§ **Task goal**:
Repeat precisely the span of lines below that opens with the line containing "award presentation night." and closes with the line containing "Canal and Bell Tower, Bruges", both included.

§ **Records to use**:

• • • • • • •

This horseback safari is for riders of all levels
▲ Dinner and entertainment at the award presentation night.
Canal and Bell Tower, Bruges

• • • • • • •

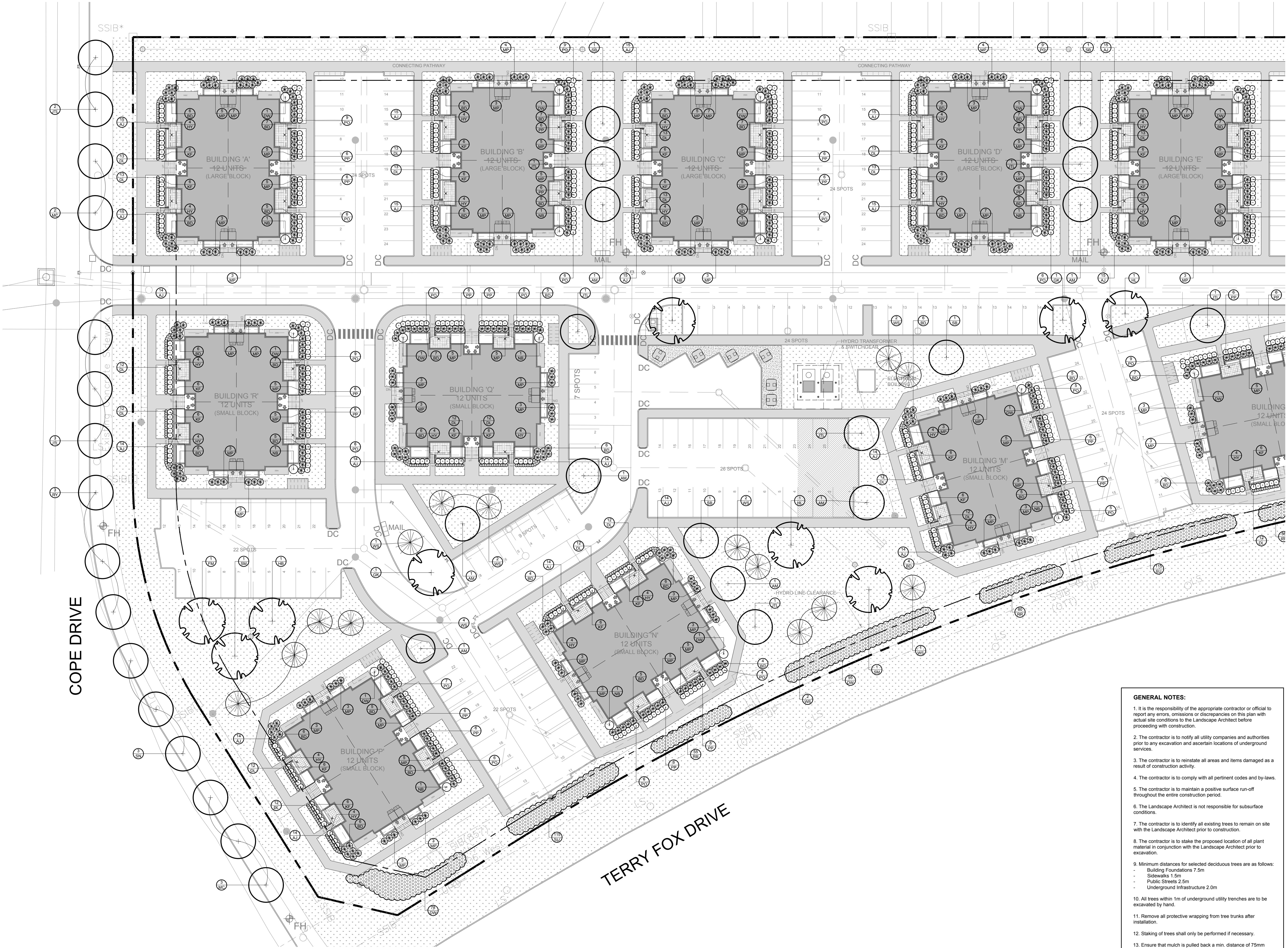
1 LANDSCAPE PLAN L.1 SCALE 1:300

• • • • • • •

§ **Response for this exercise**:
▲ Dinner and entertainment at the award presentation night.
Canal and Bell Tower, Bruges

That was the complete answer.